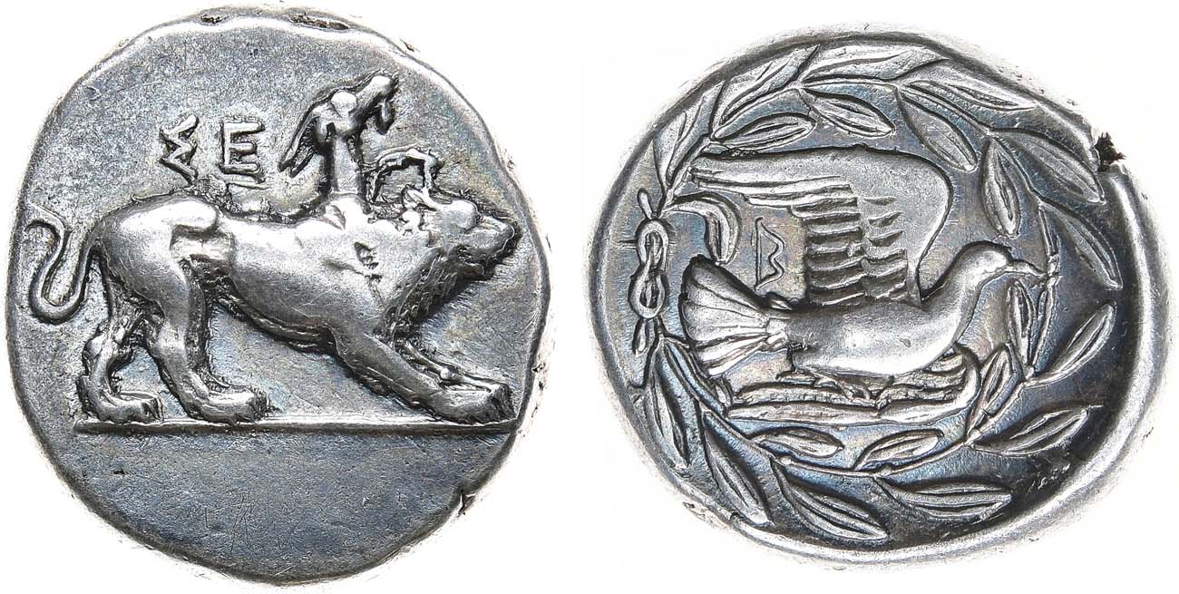 Серебро. 12,08г. Сикион. Аверс: крадущаяся вправо химера; монограмма "ΣΕ" на поле. Реверс: изображение летящего вправо голубя внутри оливкового венка; монограмма "В" на поле. VF.
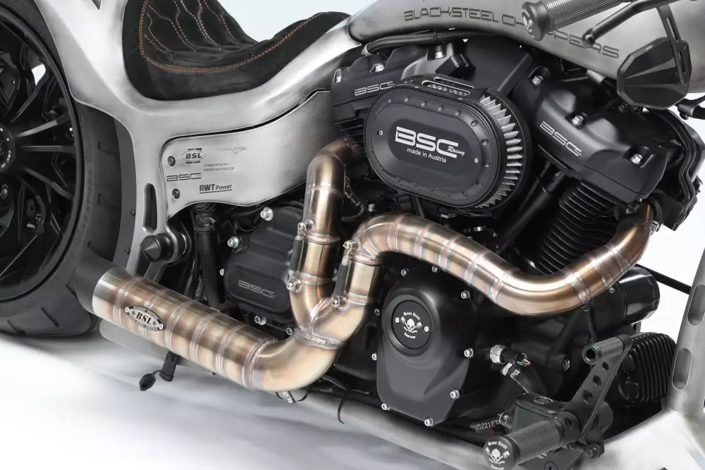 Black Steel Choppers of Austria has unveiled a striking dragster-style custom motorcycle that embodies both raw performance and artistic craftsmanship.
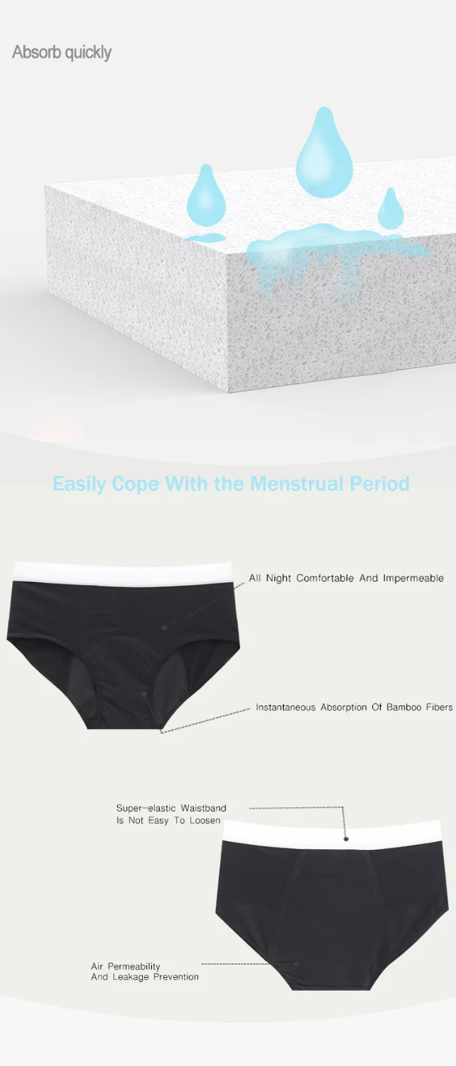 1. Менструальные трусики Он может удерживать до большого количества жидкости, вы можете носить наши менструальные трусики без каких-либо подушечек, это принесет комфорт;

Exercise requirements:
Restate word for word, and only, the lines from the line that contains "Black Steel Choppers" through the end of the data, both included; pictures are not part of the copy.

Finished exercise:
 Black Steel Choppers of Austria has unveiled a striking dragster-style custom motorcycle that embodies both raw performance and artistic craftsmanship.
 1. Менструальные трусики Он может удерживать до большого количества жидкости, вы можете носить наши менструальные трусики без каких-либо подушечек, это принесет комфорт;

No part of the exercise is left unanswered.